**ASSIGNMENT:** Leave out every picture and set down, exactly, the lines below from the one holding "كرسي مكتب فاخر" up to and including the one holding "쇼닥터 아니냐고 싸잡혀서 해명한거라 함".
====== TASK DATA
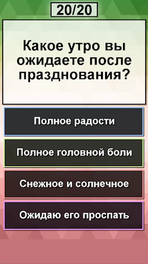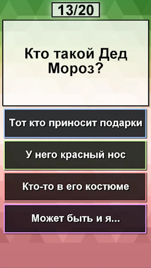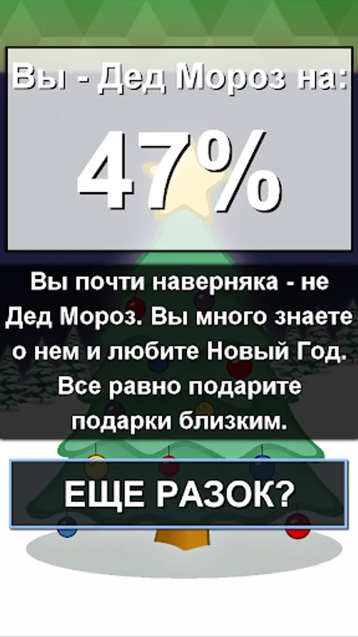 The test verifies exactly your dedomorozovost, and not knowledge of the traditions of the new year. The results are calculated as objectively as possible (albeit in a comic form), but the application primarily has an entertaining function. Even if according to the results of the test - you are probably Santa Claus, consult a specialist in antifreeze :-)))
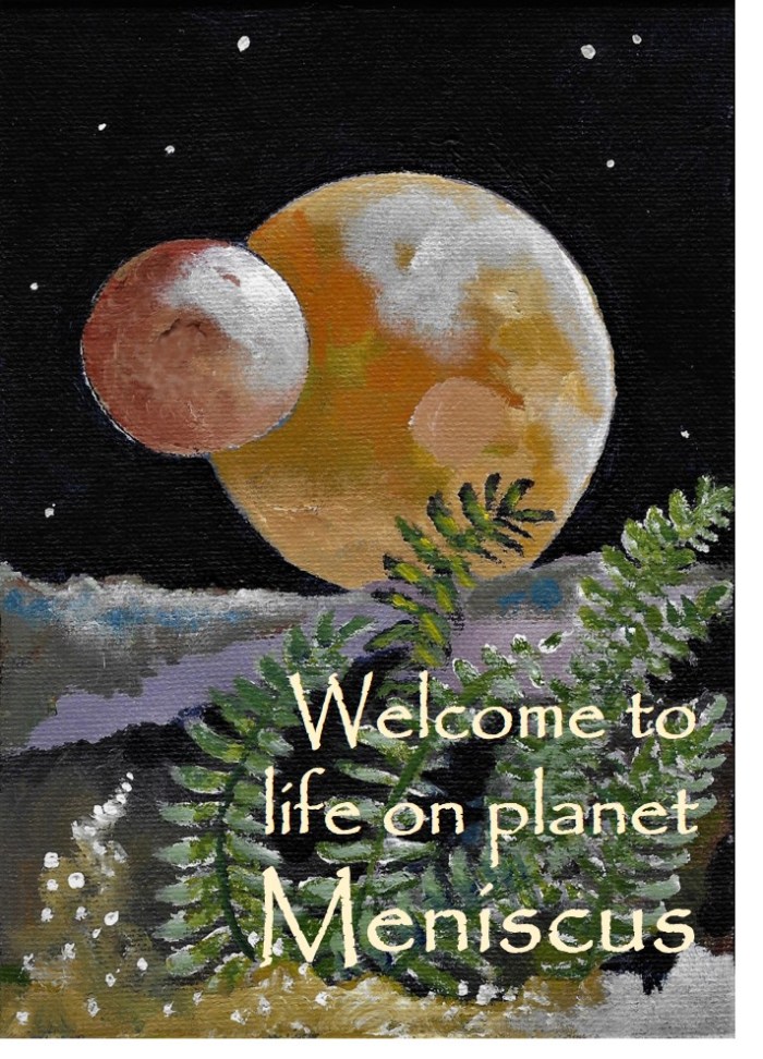 Alexandra Tims is a botanist, writer and artist living in rural New Brunswick, Canada. Her first five books in the Meniscus series, Meniscus: Crossing The Churn, Meniscus: One Point Five – Forty Missing Days, Meniscus: South from Sintha, Meniscus: Winter by the Water-climb, and Meniscus: The Village at Themble Hill were published with CreateSpace in 2017 and 2018. She has also published two books of poetry, within easy reach (2106) and in the shelter of the covered bridge (2017), under the name Jane Spavold Tims (both with Chapel Street Editions, Woodstock). In 2016 she won the Alfred G. Bailey Prize in the Writers’ Federation of New Brunswick Writing Competition for her manuscript of poems about bird calls. She is a fan of science fiction – books, television and film, including Star Trek, Stargate and Firefly. Her websites feature her drawings, paintings and poetry.
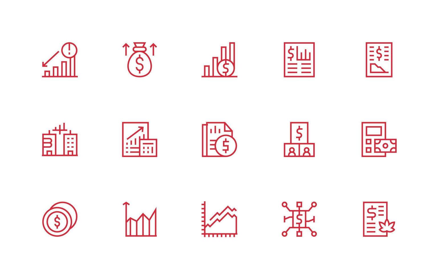 Revenue Design Icons featuring 15 in Regular Line Style Clear and Concise Icon Set Collection vector
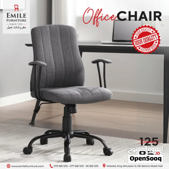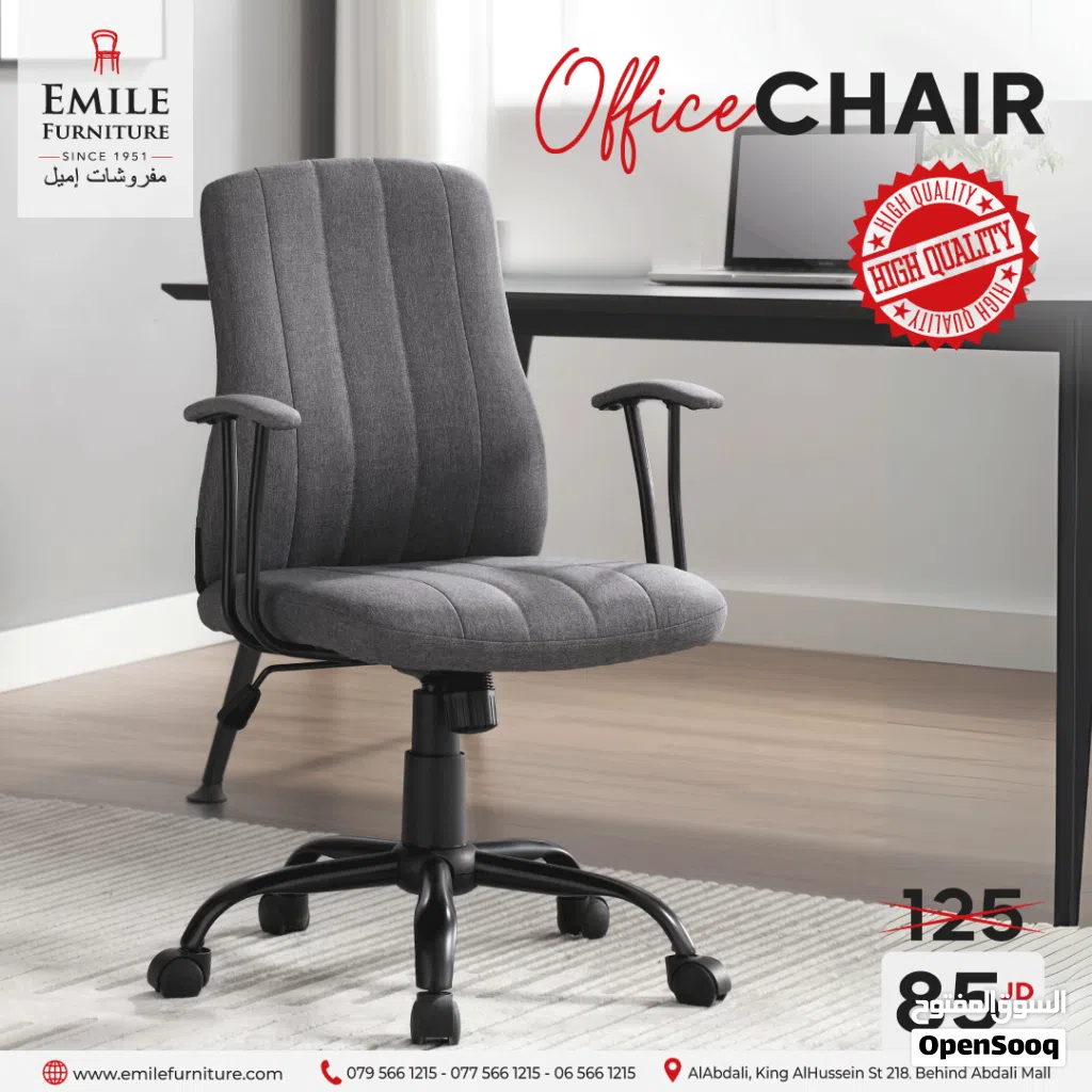 كرسي مكتب فاخر مصنوع من القماش بتصميم مريح وعملي ومزود بأيدي منجدة ومقعد دوار, متوفر خدمة التوصيل
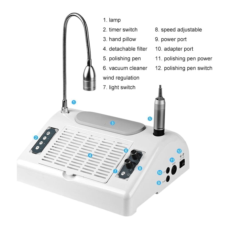 Γενικά Χαρακτηριστικά Έλεγχος ταχύτητας στροφών (κλείδωμα ταχύτητας στις επιθυμητές στροφές) Ρύθμιση φοράς περιστροφής (αριστερόστροφα/δεξιόστροφα) Το φίλτρο μπορεί να επαναχρησιμοποιηθεί ή να αντικατασταθεί Εύκολη αλλαγή φίλτρου Θερμικό υπερφόρτωσης Ψηφιακός έλεγχος 6 κεφαλές λείανσης Τεχνικά Χαρακτηριστικά Τάση: 100-240V / 50-60Hz Ισχύς λαμπτήρα: διακόπτης διπλός 48 / 96 W Συλλέκτης σκόνης: 80W Ταχύτητα τροχού: 30000rpm Μέγεθος: 31 x 27.5 x 12.5 cm Βάρος: 2.8kg
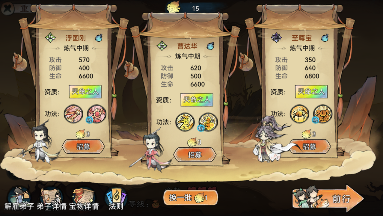 活动期间,祖师需要从玩法中招募弟子进行历练探索,探索过程中会遇到各种事件,完成事件可获得法则/装备等玩法道具,祖师可以合理选择搭配提升试炼队伍实力,以推进探索进度。![]()
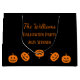 Den här moderna, snyggt presentsäcken har en jack-o-lantern som håller på att falla i skymundan på framsidan. Det är en enkel presentsäck att redigera och göra den till perfekt för din händelse
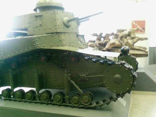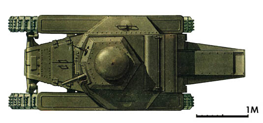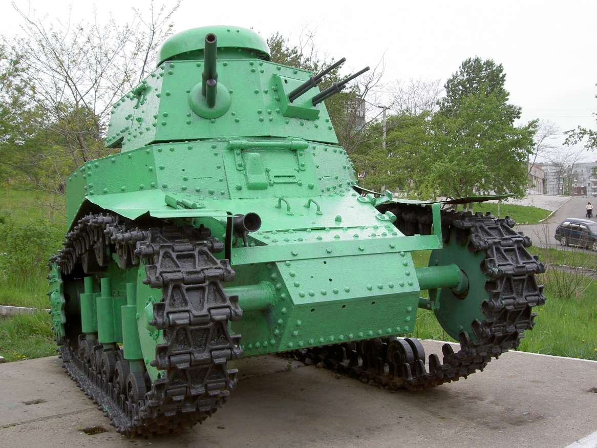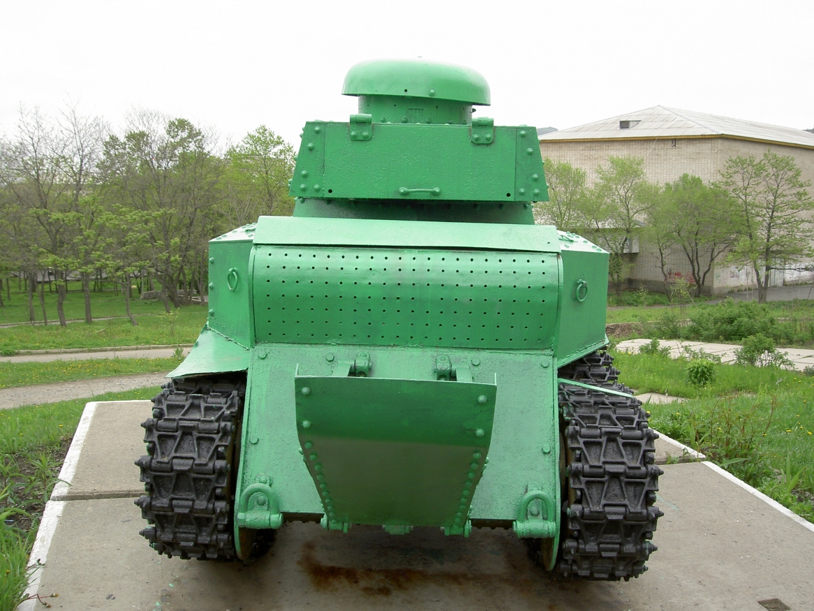 Думаю, историю этого танка желающие легко найдут в сети. Так что повторять ее не буду. Скажу только, что было как минимум три версии машины с разным вооружением, ходовой и башнями. Третья - модернизация середины 30-х, с 45 мм пушкой, в таком виде несколько (десятков?) машин даже повоевали летом 1941. А по размерам, (без хвоста), танк ростом с выского мужчину и габаритами меньше японской малолитражки.
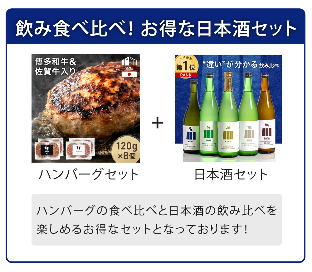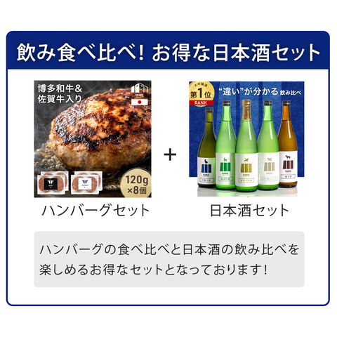 【お得セット】 国産 ハンバーグ 食べ比べ 8個 + 日本酒 飲み比べ 720ml 5本 セット 佐賀牛 博多和牛 入り 120g 冷凍 冷凍ハンバーグ 和牛 牛肉 肉 挽肉 純米大吟醸 純米吟醸 詰め合わせ ギフト 敬老の日 99900981【予約】12月下旬※12/31までに出荷予定
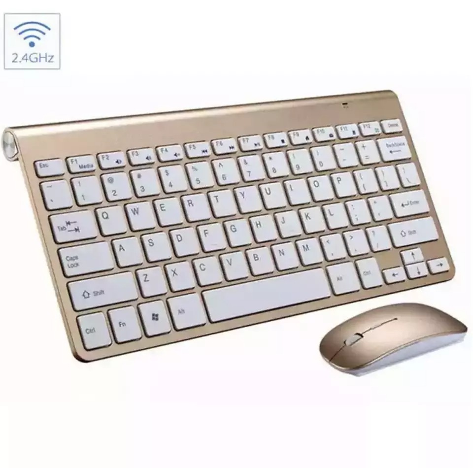 Mini Wireless Keyboard And Mouse Set, Waterproof For Mac, Apple & PC gold
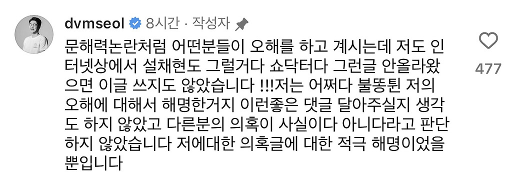 쇼닥터 아니냐고 싸잡혀서 해명한거라 함
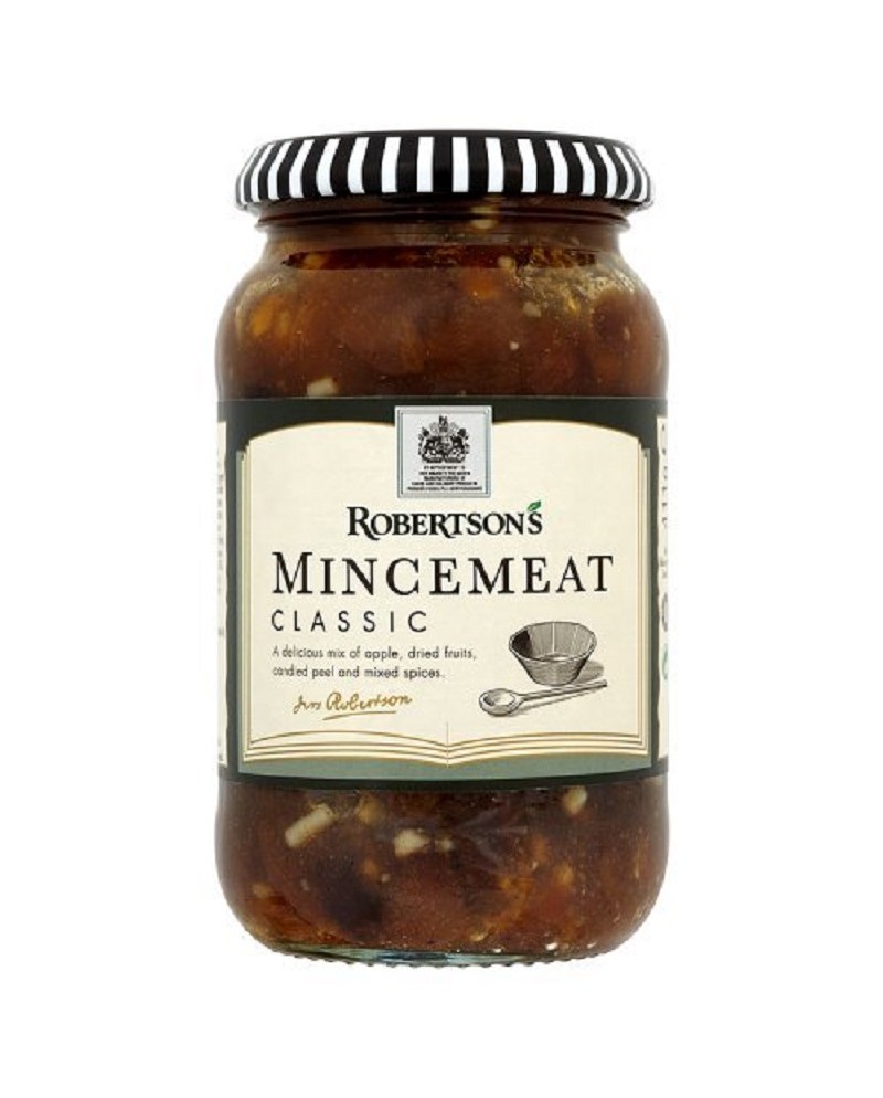 Mincemeat Robertson's in barattolo da 411g. E' un ripieno dolce, denso e aromatico, essenziale per la preparazione delle tradizionali Mince Pies natalizie e altri dolci invernali.
============
**EXERCISE SOLUTION:**
 كرسي مكتب فاخر مصنوع من القماش بتصميم مريح وعملي ومزود بأيدي منجدة ومقعد دوار, متوفر خدمة التوصيل
 Γενικά Χαρακτηριστικά Έλεγχος ταχύτητας στροφών (κλείδωμα ταχύτητας στις επιθυμητές στροφές) Ρύθμιση φοράς περιστροφής (αριστερόστροφα/δεξιόστροφα) Το φίλτρο μπορεί να επαναχρησιμοποιηθεί ή να αντικατασταθεί Εύκολη αλλαγή φίλτρου Θερμικό υπερφόρτωσης Ψηφιακός έλεγχος 6 κεφαλές λείανσης Τεχνικά Χαρακτηριστικά Τάση: 100-240V / 50-60Hz Ισχύς λαμπτήρα: διακόπτης διπλός 48 / 96 W Συλλέκτης σκόνης: 80W Ταχύτητα τροχού: 30000rpm Μέγεθος: 31 x 27.5 x 12.5 cm Βάρος: 2.8kg
 活动期间,祖师需要从玩法中招募弟子进行历练探索,探索过程中会遇到各种事件,完成事件可获得法则/装备等玩法道具,祖师可以合理选择搭配提升试炼队伍实力,以推进探索进度。![]()
 Den här moderna, snyggt presentsäcken har en jack-o-lantern som håller på att falla i skymundan på framsidan. Det är en enkel presentsäck att redigera och göra den till perfekt för din händelse
 Думаю, историю этого танка желающие легко найдут в сети. Так что повторять ее не буду. Скажу только, что было как минимум три версии машины с разным вооружением, ходовой и башнями. Третья - модернизация середины 30-х, с 45 мм пушкой, в таком виде несколько (десятков?) машин даже повоевали летом 1941. А по размерам, (без хвоста), танк ростом с выского мужчину и габаритами меньше японской малолитражки.
 【お得セット】 国産 ハンバーグ 食べ比べ 8個 + 日本酒 飲み比べ 720ml 5本 セット 佐賀牛 博多和牛 入り 120g 冷凍 冷凍ハンバーグ 和牛 牛肉 肉 挽肉 純米大吟醸 純米吟醸 詰め合わせ ギフト 敬老の日 99900981【予約】12月下旬※12/31までに出荷予定
 Mini Wireless Keyboard And Mouse Set, Waterproof For Mac, Apple & PC gold
 쇼닥터 아니냐고 싸잡혀서 해명한거라 함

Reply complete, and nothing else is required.